From the MIMIC-CXR \cite{mimic} dataset, we compute $\text{LAMA}_t(S_{\text{vis}})$, where $S_{\text{vis}}$ denotes the set of all image tokens, for 100 randomly sampled X-rays from the test set. We observe a clear downward trend in $\text{LAMA}_t(S_{\text{vis}})$ over the generation steps (Fig. \ref{fig:Attention}), suggesting a decay in attention to the image tokens during the generation process, accompanied by an increase in attention over the language priors. We hypothesize that this causes the model to learn spurious co-occurrences of pathology due to inherent biases in the training datasets. A typical example of such spurious pathology co-occurrence arises with cardiomegaly and pulmonary edema. In many cases, these two findings frequently appear together because both are associated with congestive heart failure \cite{cooccurrence}. As a result, when the model increasingly relies on textual priors, the presence of cardiomegaly alone serves as a language cue that strongly biases subsequent tokens toward the associated pathology (pulmonary edema in this case), even if the visual evidence is absent. Similarly, pleural effusion (fluid accumulation) can mechanically lead to some degree of rounded atelectasis (lung collapse) due to compression \cite{cooccurrence2}. This statistical co-occurrence can also lead the model to generate spurious findings simply because they commonly appear together in the training distribution, rather than being grounded in the underlying image evidence.

% Our key contributions are:

Given these observations, we introduce \textbf{Category-Wise Contrastive Decoding}, a novel and modular method that is designed to enhance \emph{structured findings generation} in radiology foundation models.

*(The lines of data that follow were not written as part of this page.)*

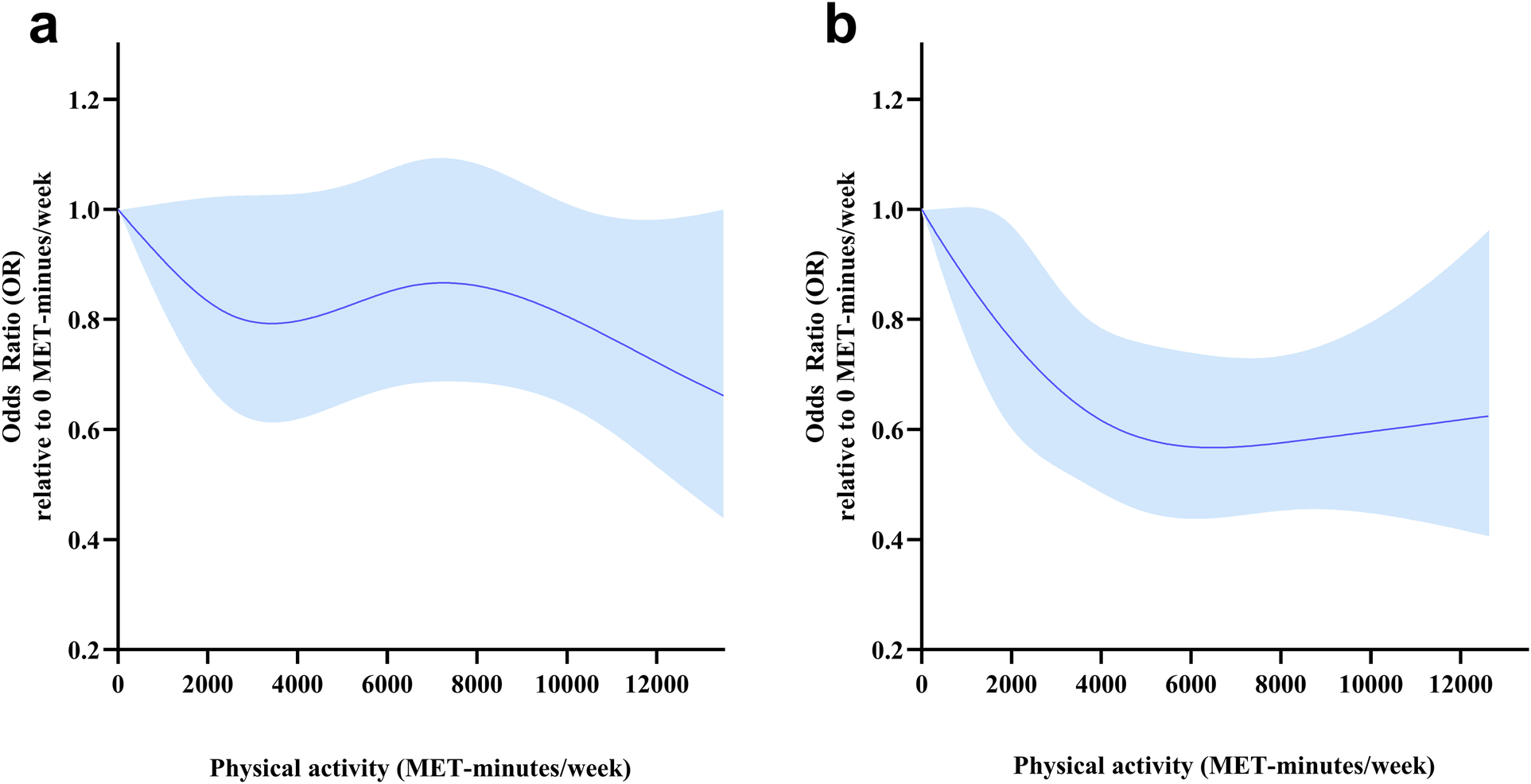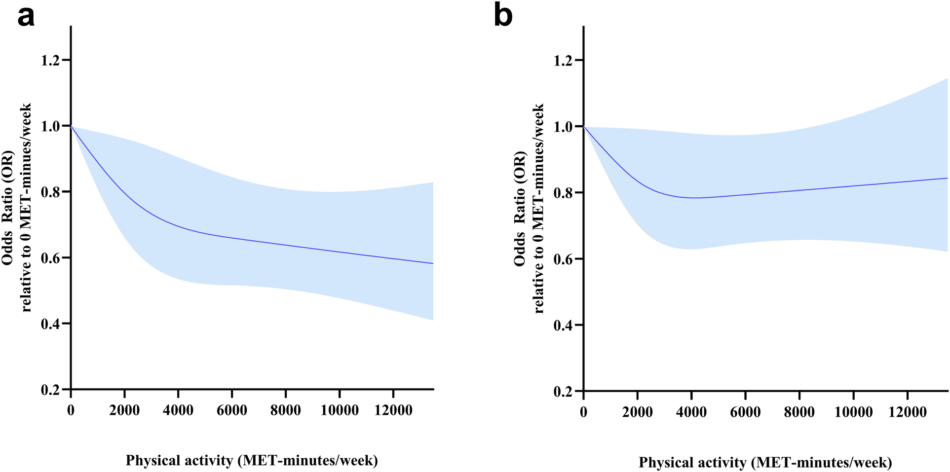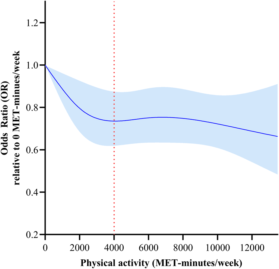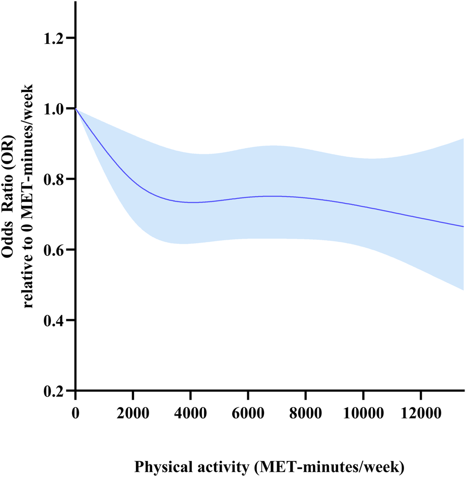 Compared to the least active participants, a low risk of HD was significantly associated with a higher PA volume. With regards to frequency, a lower HD risk was associated with performing vigorous PA except for 3–5 days/week. The frequency and duration of light as well as moderate PA had no significant associations with HD risk after adjusted by using covariates. A non-linear association was also noted, with increased PA being associated with decreased HD risk, with steeper reductions in HD risk at low activity levels than at high activity levels. There was a non-linear association between PA and HD risk in participants in male and aged older than 65 years.
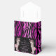Zebra animal patterns Twins Baby Shower favour boxes. Pink personalised custom vintage Princess twins baby shower thank you party favour box for baby showers for twin girls. Elegant, classy vintage princess favour box for baby showers with a cool, funky hot pink and black grunge zebra animal stripes pattern box and beautiful vintage illustrations of cute and adorable baby girls with stylish pink Princess crowns, sweet bunny rabbit slippers, pink diapers with ruffles and pink bows in their hair. With personalisable, fully customisable text. Two Little Princesses are on their way! Thank you for sharing in my day. Name of mummy to be and date. Chic, groovy, modern, trendy, glamourous, girly, fun, fashionable personalised boxes for your guests' shower favours for twin girl baby showers. If you need any assistance customising your product please contact me through my store and I will be happy to help.
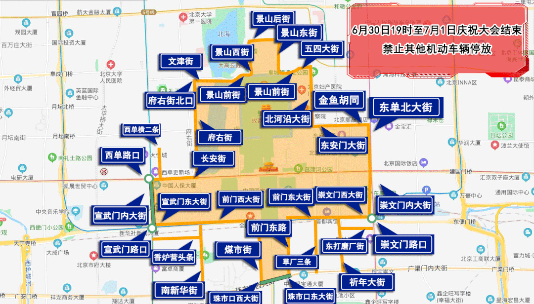 6月30日19時至7月1日慶祝大會結束,由府右街北口經府右街、長安街、西單路口(不含)、宣武門內大街(不含)、宣武門路口(不含)、宣武門東大街、前門西大街、煤市街、珠市口西大街(不含)、珠市口東大街(不含)、前門東路、前門東大街、崇文門西大街、崇文門路口(不含)、崇文門內大街、東單北大街、金魚胡同、東安門大街、北河沿大街、五四大街、景山前街、景山東街、景山后街、景山西街、景山前街、文津街至府右街北口以內區(qū)域、西單橫二條、祈年大街、東打磨廠街、南新華街、香爐營頭條、草廠三條、前門肯德基停車場,除持有慶祝大會專用證件的車輛外,禁止其他機動車輛停放。
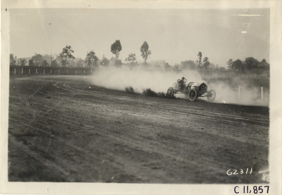 View of Louis Disbrow driving Knox car no. 2 during 1910 Brighton Beach races in New York. Stamped on back: "Spooner & Wells, Inc., photographers, telephones 3472-3473 Columbus, 1931 Broadway, New York." Handwritten on back: "Disbrow, #2 Knox. Races and racing--Brighton Beach, 1910."
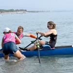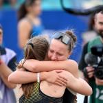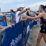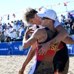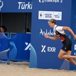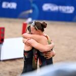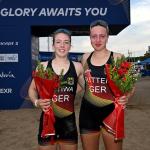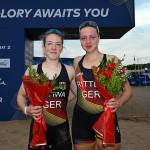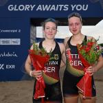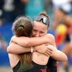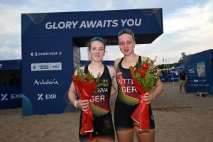 Im Finale gegen Marta Parades Fernandez und Carmen Jarabo Perez aus Spanien lag das deutsche Boot vom Start weg in Führung, aber die bissigen Spanierinnen blieben dran und hatten bei der Wende nur rund eine Sekunde Rückstand. Auf dem Rückweg setzten sich Mia und die erst 16-jährige Selma dann aber entscheidend ab. Der Strandlauf war für Tetiwa so nur noch eine Pflichtaufgabe. In 2:45,56 Minuten und mit fast fünf Sekunden vor Spanien holten sie souverän die Goldmedaillen, die ebenso wie bei den Junioren erst am Samstag verliehen werden.
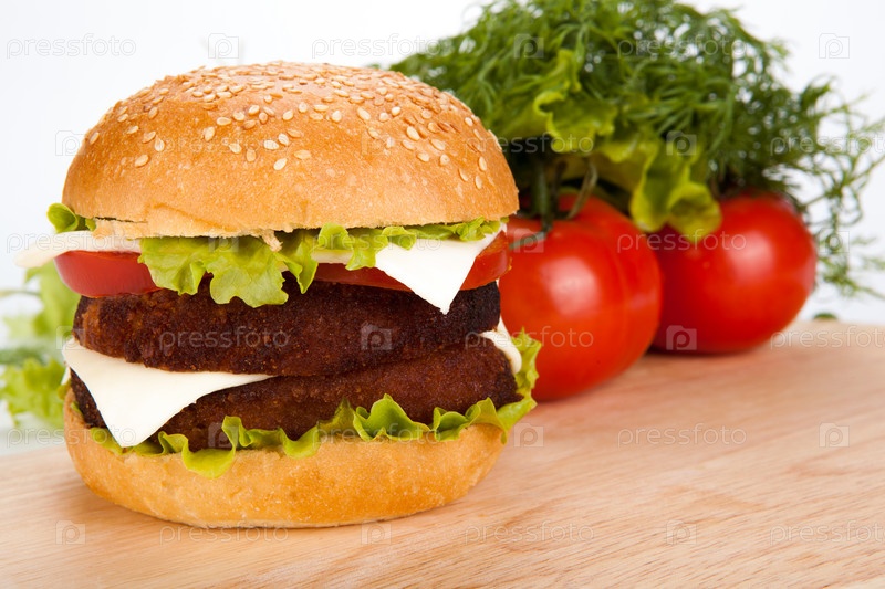 Большой гамбургер на белом фоне
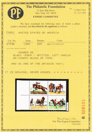 Due to the high cost of obtaining certificates we will only refund the cost of the stamp and not the cost of the certificate for stamps that sell for less than $250 that come back with a negative certificate. Stamps that sell for above $250 will receive a full refund for both the price of the stamp and cost of the certificate if it should come back not as described. For U.S. stamps only certificates from either APS, PSE or from the Philatelic Foundation are accepted, however "graded" certificates or "encased" items are not accepted.
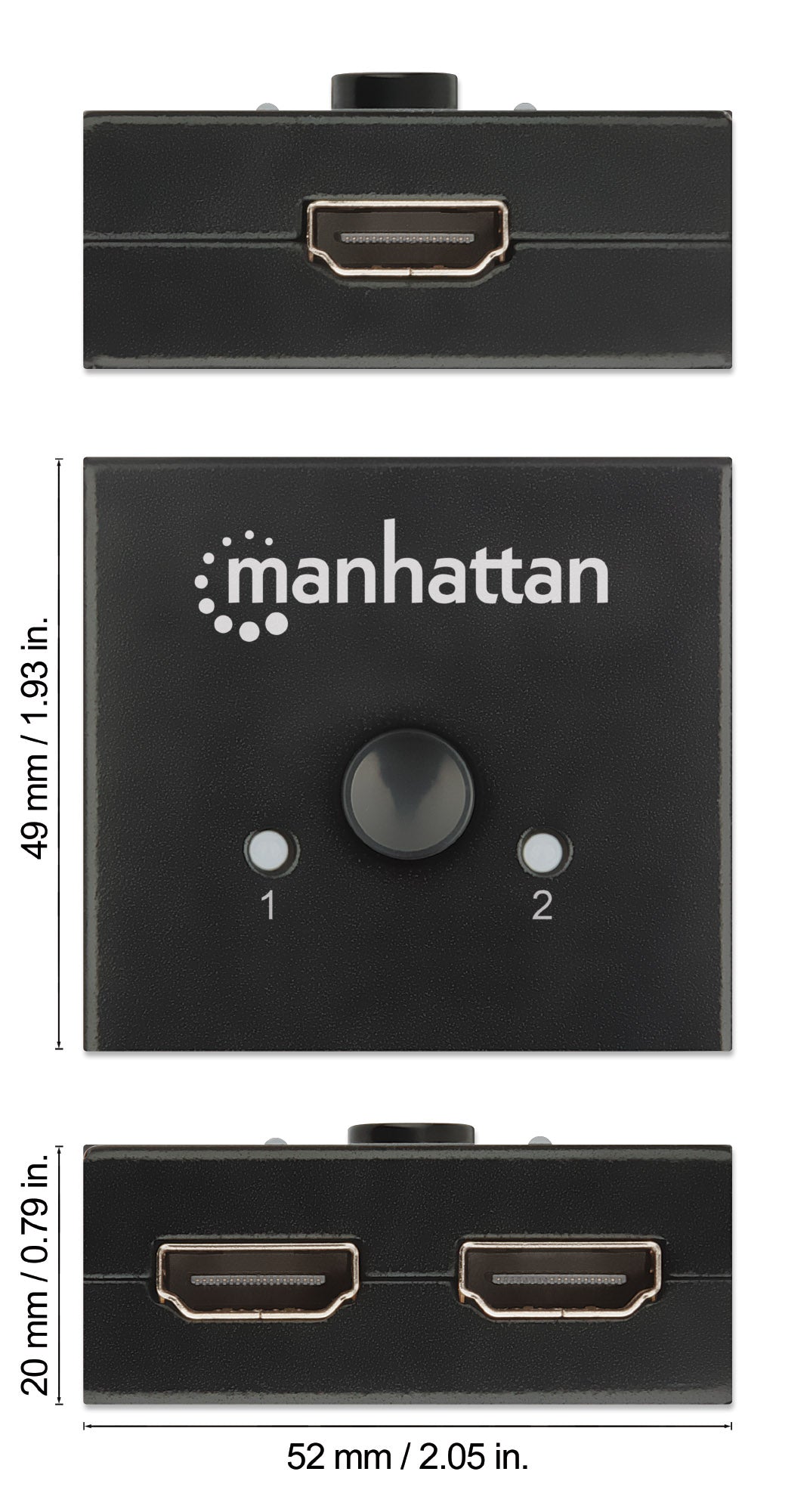 - Distribue un signal numérique audio/vidéo Ultra-Haute-Definition (UHD) vers l’un des deux écrans UHD HDMI, ou permet de basculer entre deux sources sur un même écran

Category-Wise Contrastive Decoding aims to mitigate the problems of generating spurious co-occurrences and reduced attention on visual tokens with increase in output length in two ways: (i) Category-Specific Parametrization - We generate a findings report \emph{category-wise} under eight anatomical headers, as defined by \citet{srrg}: Lungs and Airways, Pleura, Cardiovascular, Hila and Mediastinum, Tubes, Catheters, and Support Devices, Musculoskeletal and Chest Wall, Abdominal, and Other. Henceforth, we refer to these anatomical headers as categories of a structured radiology report. (ii) Masked Contrastive Decoding - An inference time strategy, where instead of normal greedy decoding, we sample from a contrasted distribution obtained by masking the X-ray using category-specific visual prompts. Introducing a contrastive objective at inference time prevents hallucinations arising from prior language bias learned during training.